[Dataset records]
╭──
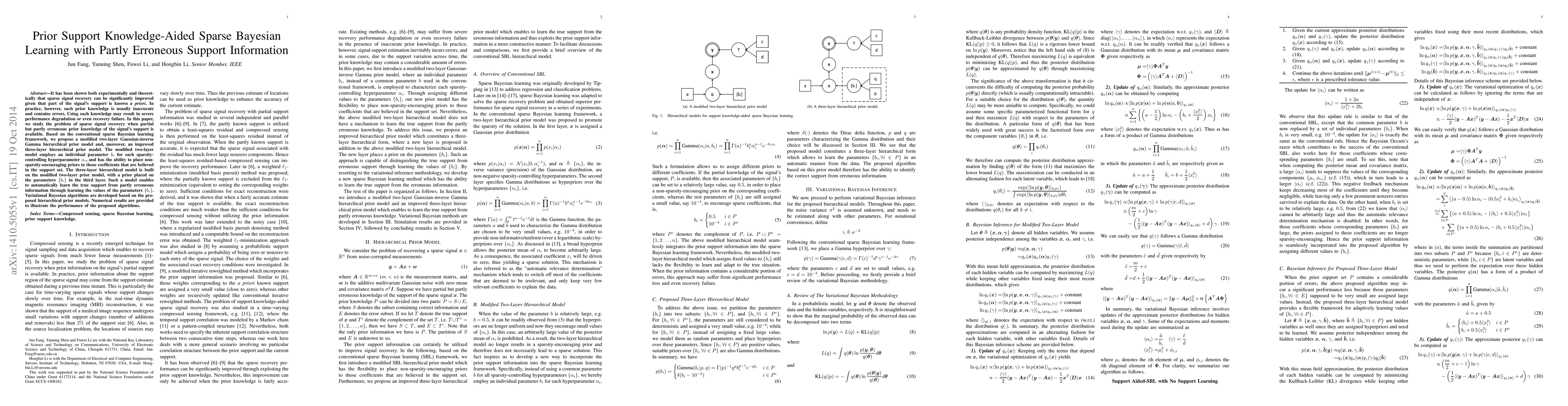 It has been shown both experimentally and theoretically that sparse signal recovery can be significantly improved given that part of the signal's support is known \emph{a priori}. In practice, however, such prior knowledge is usually inaccurate and contains errors. Using such knowledge may result in severe performance degradation or even recovery failure. In this paper, we study the problem of sparse signal recovery when partial but partly erroneous prior knowledge of the signal's support is available. Based on the conventional sparse Bayesian learning framework, we propose a modified two-layer Gaussian-inverse Gamma hierarchical prior model and, moreover, an improved three-layer hierarchical prior model. The modified two-layer model employs an individual parameter $b_i$ for each sparsity-controlling hyperparameter $\alpha_i$, and has the ability to place non-sparsity-encouraging priors to those coefficients that are believed in the support set. The three-layer hierarchical model is built on the modified two-layer prior model, with a prior placed on the parameters $\{b_i\}$ in the third layer. Such a model enables to automatically learn the true support from partly erroneous information through learning the values of the parameters $\{b_i\}$. Variational Bayesian algorithms are developed based on the proposed hierarchical prior models. Numerical results are provided to illustrate the performance of the proposed algorithms.
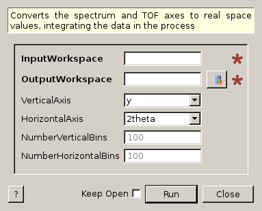 This converts the workspace into a 2D view of real space detector positions based on the detector positions. This is intended for rapid visualization and has been optimized for speed for use in Live data streams. If the data provided has data binned in Time of flight or any other unit this will be integrated into a single value per detector, before converting to the selected detector and rebinning to the new grid. The output grid is based in the maximum and minimum values of the detectors for axes selected, and the number of bins selected. The rebinning is simply based on centre point rebinning, and as such can be prone to moire based artefacts, however it is fast.
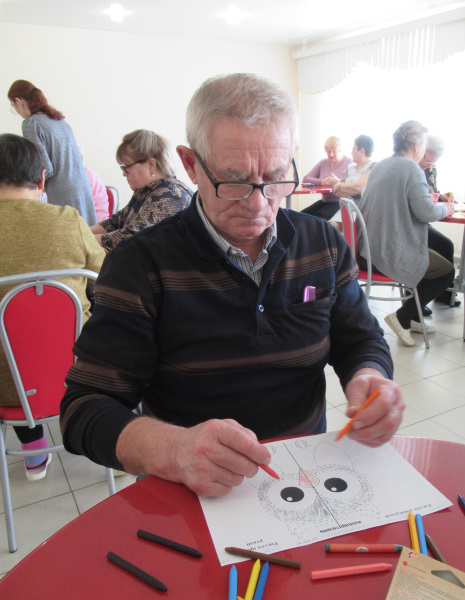 Сегодня отдыхающие отделения дневного пребывания, под чутким руководством психолога Березиной О.А., пробовали одновременно рисовать сразу двумя руками. Подобное упражнение благоприятно влияет на работу мозга и препятствует развитию деменции. А ещё оно очень увлекательное и для взрослых, и для детей!
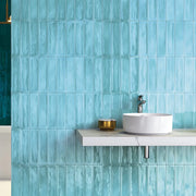 Flow Atoll Blue Rectangular Wall Tile - Wall Mount - 3 x 12" Ceramic/Blue
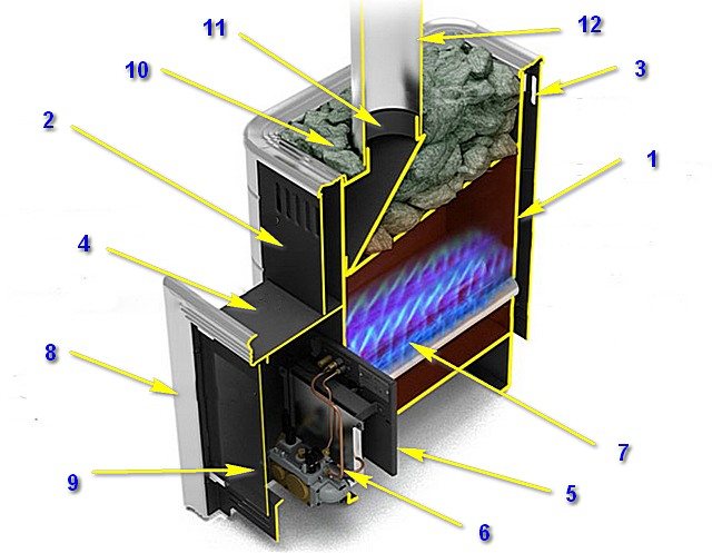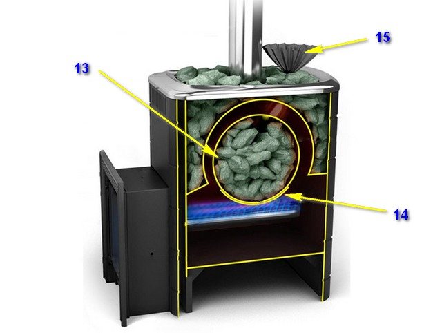 Естествено, всяка печка за сауна изисква нагревател. Отделението за полагане на камъни може да бъде разположено отгоре, както е показано на модела (поз. 10), по протежение на предната или страничните стени и понякога дори почти напълно да покрива цялото тяло на пещта.
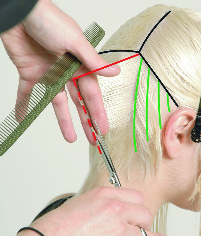 ШАГ ЧЕТВЕРТЫЙ ‘ПОВТОРИТЬ’: Отрежьте ломтик толщиной в дюйм от исходного пробора над ухом к лицу и подстригите его по ходу дела. Используйте волосы, которые вы видите сзади, в качестве ориентира. Повторяйте это до тех пор, пока не останется больше секций.
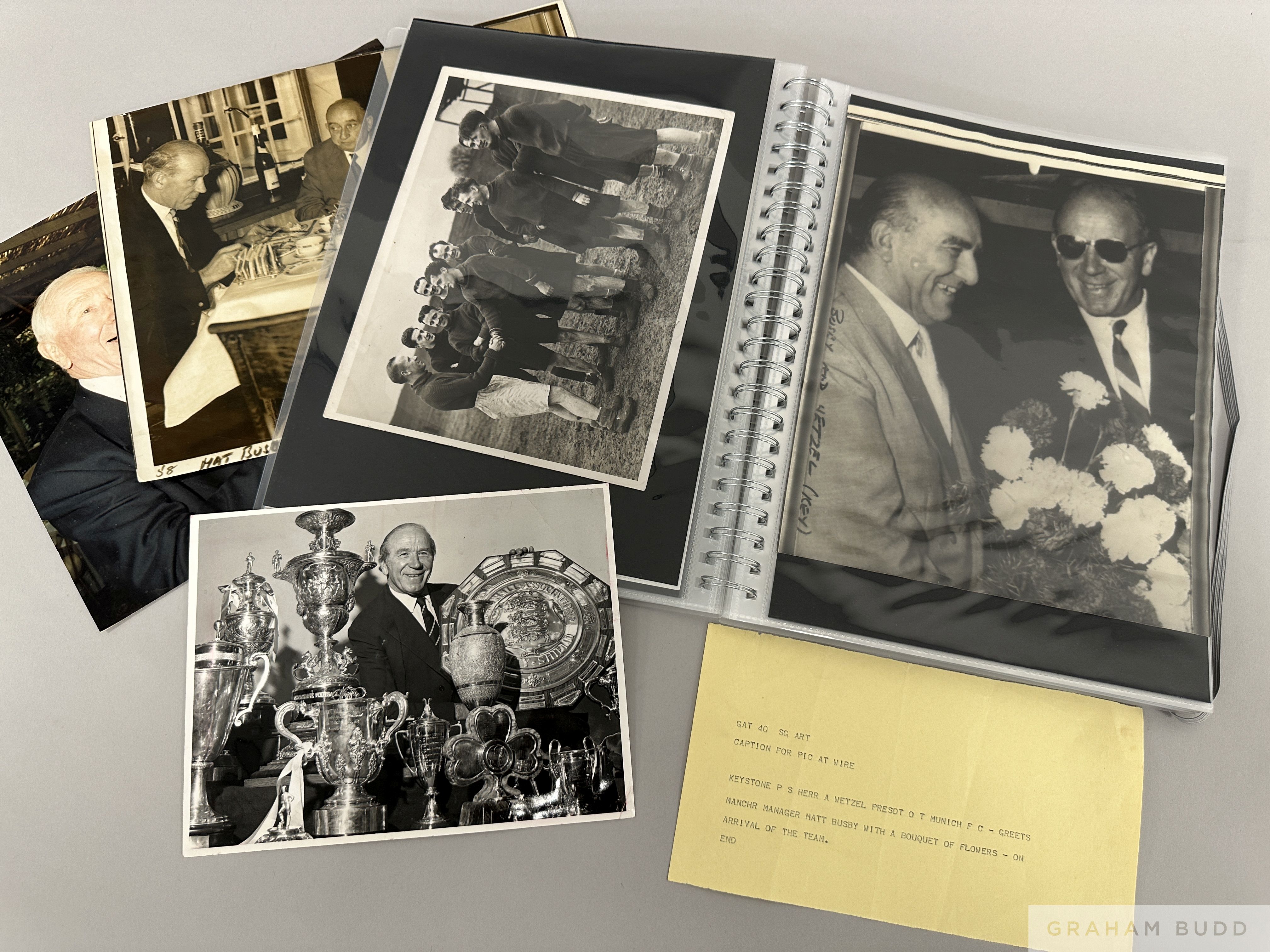 A file of 28 press photographs relating to Manchester United's legendary manager Sir Matt Busby, mostly b&w, various sizes, subjects including Busby together with George Best, Bobby Charlton, Denis Law, Lady Busby, club directors, the occasion of his Knighthood, on the training ground, in hospital in Munich, in the Old Trafford trophy room, celebration events, meeting Prime Minister Harold Wilson etc.
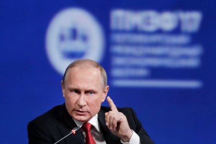 During a panel interview at the St. Petersburg International Economic Forum moderated by NBC News journalist Megyn Kelly, Putin also said that claims of Russian hackers meddling in the election in order to sway it in favor of President Donald Trump amounted to "internal political bickering."
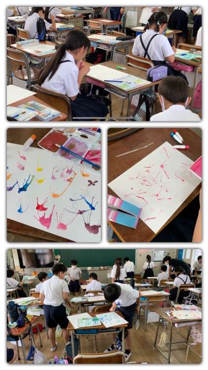 4年生は、図工で「吹き流し」の技法を使って模様を作っていました。ストローで色のついた水滴を吹いて偶然にできる模様がなんとも面白いです。これは第1段階で、いろんな技法を学んだ上で、本格的な作品作りに入っていきますよ。
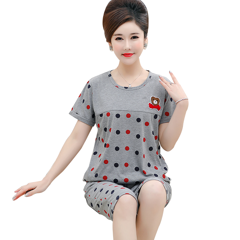 The Tide Card Middle Aged Mother Sleepwear Summer Women Short Sleeve Loose Thin and Elderly Care Summer Seniors Two Sets
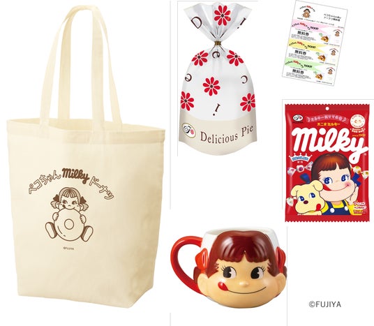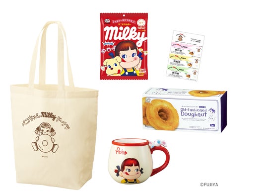 「ペコちゃんmilkyドーナツ」ロゴが入ったオリジナルのトートバッグに、不二家のお菓子やグッズなどを詰め合わせました。お得なドーナツクーポン付きです。
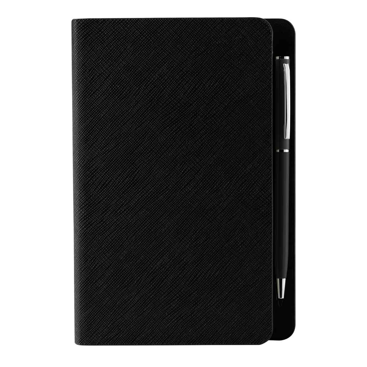 LIBRETA FUNEE - Libreta con 80 hojas de raya. Contracubierta con espacio imantado para bolígrafo. Incluye bolígrafo metálico.
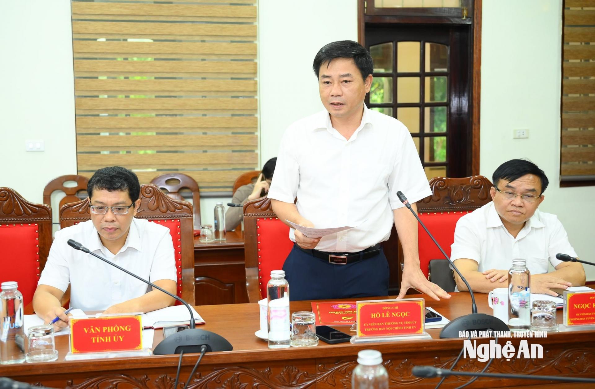 | Đồng chí Hồ Lê Ngọc - Ủy viên Ban Thường vụ, Trưởng ban Nội chính Tỉnh ủy phát biểu tại cuộc làm việc. |
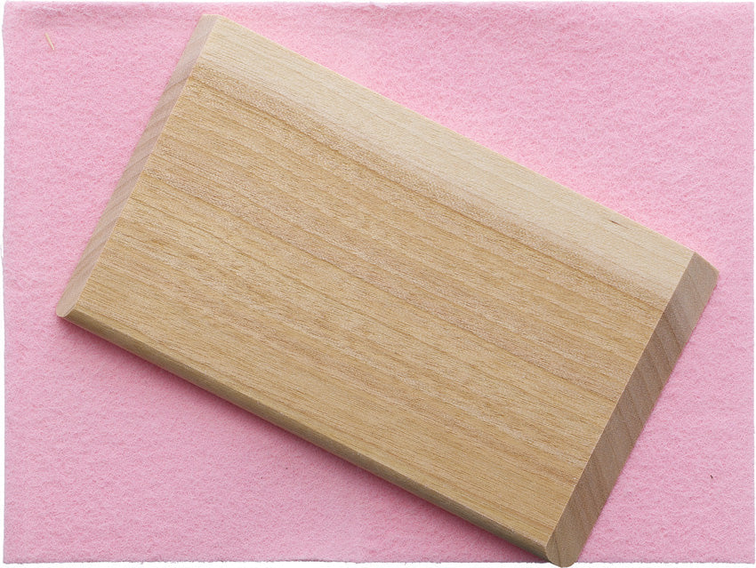 Dimensions: 4" x 5.13". Cloth polishes without any abrasives and maintains the sharpness of blades. The wooden plate features four sides, each a different angle making it easy to polish the back of V and U gouge blades. Hang packaged.
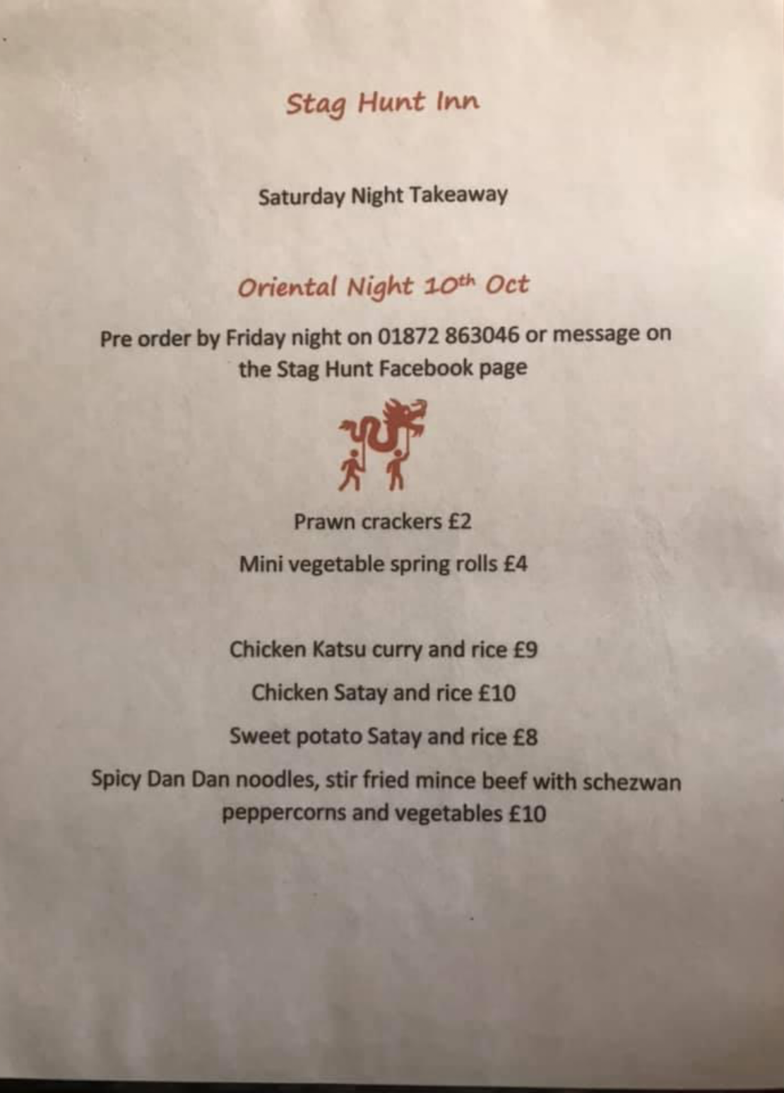 Food - Sat 10th October - The Stag Hunt Inn
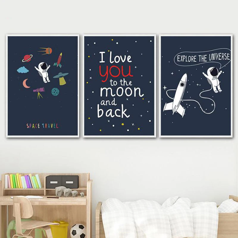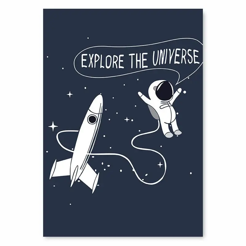 Абстрактные астронавты распылителя изучают космический пейзаж английские буквы Картина на холсте Настенная картина плакат украшение комнаты
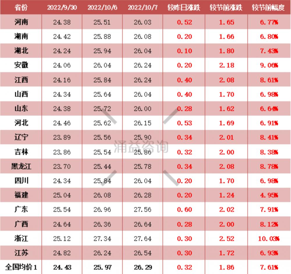 根据涌益咨询数据,10月7日,全国生猪平均价格为26.29元/公斤,较国庆节前(24.43元/公斤)上涨1.86元/公斤,全国多个省份涨幅均超过8%,其中浙江地区涨幅达到10.03%。
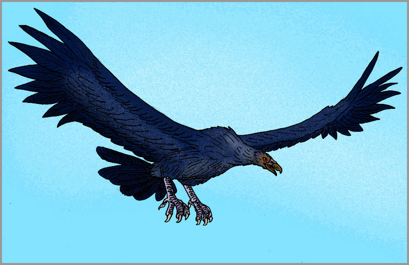 As with nearly all extinct species, not much can be known about the Giant Teratorn’s behaviour. From the size and structure of its wings it is inferred that A. magnificens flew mainly by soaring, using flapping flight only during short periods. It is probable that it used thermal currents as well. It has been estimated that the minimal velocity for the wing of A. magnificens is about 11 m/s or 40 km/h. Especially for takeoff, it would have depended on the wind, as although its legs were strong enough to provide it with a running or jumping start, the wings were simply too long to flap effectively until the bird was some meters off the ground. However, skeletal evidence suggests that its breast muscles were not powerful enough for wing flapping for extended periods. Argentavis may have used mountain slopes and headwinds to take off, and probably could manage to do so from even gently sloping terrain with little effort. It may have flown and lived much like the modern Andean condor, scanning large areas of land from aloft for carrion. The climate of the Andean foothills in Argentina during the late Miocene was warmer and drier than today, which would have further aided the bird in staying aloft atop thermal updrafts.
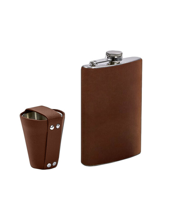 Набор с флягой и рюмками в кожаном чехле светло-коричневый Crazy Horse – (BN-FL-k-kr)Ищете подарок для человека, любящего активный отдых? Обратите внимание на наш набор с флягой и рюмками. Такой аксессуар будет уместен во время путешествия, туристического похода, рыбака, охоты и т.д. Его удобно брать с собой на природу, хранить в машине. Любимый согревающий алкогольный напиток всегда будет под рукой. Все элементы изготовлены из пищевой нержавеющей стали, которая не испортит вкус содержимого.Если получатель не принимает алкоголь, фляга и рюмки могут использоваться в качестве сувенира. Набор состоит из фляги обтянутой натуральной кожей и четырех рюмок в кожаном чехле. Компактная фляжка может содержать минимальное количество алкоголя для компании близких друзей. Натуральная кожа гармонично дополняет и подчеркивает солидный внешний вид фляги.Как заказать персонализированный подарочный набор?Мы можем предложить нанесение на поверхность кожи логотипа фирмы, изображений и надписи посредством гравировки или тиснения.Обратитесь к нашему менеджеру, если желаете заказать изделие с персонализацией.Подарочный набор фляга и рюмки – вариант символического подарка, который подойдет мужчинам с активным хобби и изысканным вкусом. Такой подарок будет напоминать о человеке и радовать функциональностью в повседневном использовании.Фурнитура и комплектация может быть изменена производителем.
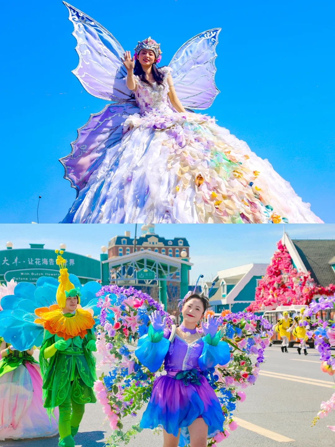 有各种主题花车和精美造型的卡通人物,在景区内巡游一圈,和观众互动很有趣
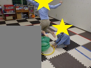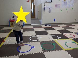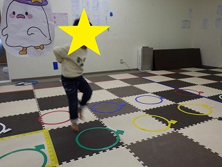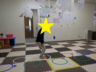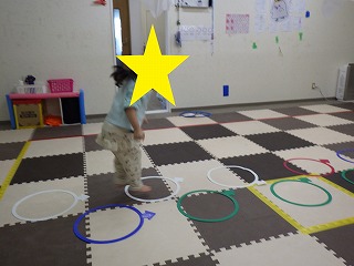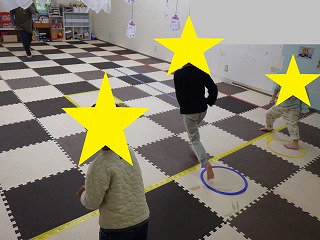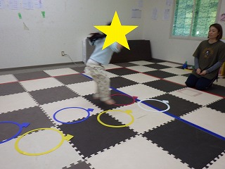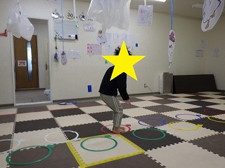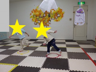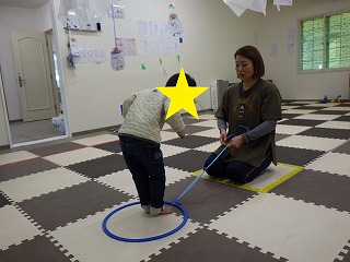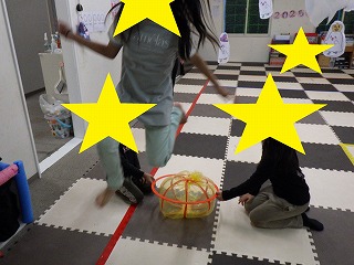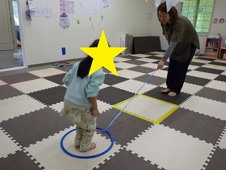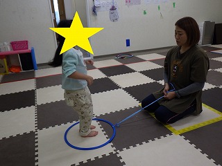 フープがゆっくりと動くので、小さくジャンプしてフープに当たらないようにしてみよう♪
╰──
● **About this task**:
Every line above from the one with "Абстрактные астронавты распылителя" down to the one with "根据涌益咨询数据,10月7日" must be written out exactly, and no picture may appear.

● **Task answer**:
 Абстрактные астронавты распылителя изучают космический пейзаж английские буквы Картина на холсте Настенная картина плакат украшение комнаты
 根据涌益咨询数据,10月7日,全国生猪平均价格为26.29元/公斤,较国庆节前(24.43元/公斤)上涨1.86元/公斤,全国多个省份涨幅均超过8%,其中浙江地区涨幅达到10.03%。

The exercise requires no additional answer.